下一章 上一章 目录 设置
25、第二十五章 ...
-
时隔一年之久,我竟然以被挟持的方式来到了这个曾经擦肩而过的地方?我曾经想要去看看的、有着美丽故事的爱莎小镇?
爱……莎……
记得艾维在睡着的时候有这么梦呓过,当时我就有怀疑过,本来想等他醒了再问,可后来被他强势地抱去洗澡,又出了小男孩那件事,便完全忘记了这回事。直到刚才从飞坦的口中再次听到“爱莎”两个字。
从艾维对我的重视程度,说不定我的猜想没有错,艾维真的就是那个创建“爱莎”的人。不过,那都跟我没有关系了。但愿我在危急情况下的“神谕”能够永久生效,希望他别再来找我。
不管怎么样,紧绷的弦终于放松了下来,虽然侠客不一定猜到是我,但好在他也没有否认,还要飞坦把我带过去。不管他是真的把我当成了他某个女人,还是好奇有谁会冒充他的女人想亲眼看看,总之我是安全了。
现在首先要做的是自己手指接回去!我可不指望飞坦会好心帮我。
几天之后,飞坦和我来到了与侠客约定的地方。
这是一个地处深山之中的小村庄,蓝天白云、鸟语花香的自然环境下,我恍惚觉得我们只是来此地旅游度假的。直到空气中有血腥气逐渐地浓郁起来,轻松愉悦的心情骤然一沉,偷偷瞄眼飞坦,他丝毫不为所动,恍若未闻地继续往前。
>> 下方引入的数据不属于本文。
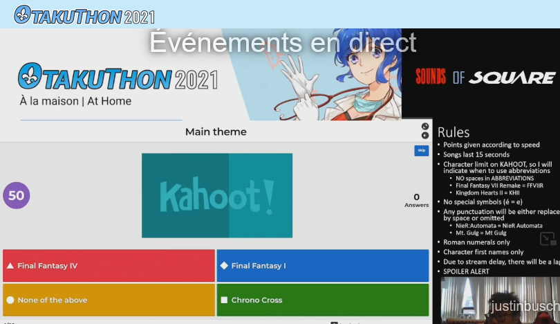 Chaque année, il y a un congrès pour les fans de la culture japonaise à Montréal, appelé Otakuthon. Pendant ces dernières deux années, tout se passe en ligne à cause de Covid. Je ne connaissais pas Otakuthon jusqu’au moment où j’ai découvert Laurence Manning. Elle y joue un concert chaque année, et c’est mon rêve d’y assister dans la vraie vie. Ce week-end est le deuxième Otakuthon « à la maison ».

整个村庄鸦雀无声,遍地都是倒在血泊中的普通村民,或惊恐或愤恨的狰狞表情是他们留下的最后印迹。
村庄尽头神坛一样的空旷广场,有五个身影或站或蹲似乎在寻找什么。
随着距离的拉近,他们也发现了我们。其中一人向我们招了招手,正是握着手机在讲电话的侠客,窝金看到我高兴地大步走了过来,抱起我热情的一吻着实把我吓得不轻。
“居然真的没死?强化系的直觉真是可怕。”信长盘腿抱着剑靠坐在边上,无奈地叹了口气。
而窝金的举动无疑解除了飞坦的戒心,他在走过侠客身边的时候,轻描淡写地说了句,“你的女人。”就算完成了任务,然后径自往广场中央的神像走过去。
“哟!侠客,飞坦给你送了个女人过来?你什么时候这么饥渴了,事情干到一半要女人作陪?这可不像你啊。”芬克斯离得最近,他听到飞坦的话十分好奇地凑过来搭上侠客的肩膀打趣道,两眼兴致勃勃地往我这边看过来。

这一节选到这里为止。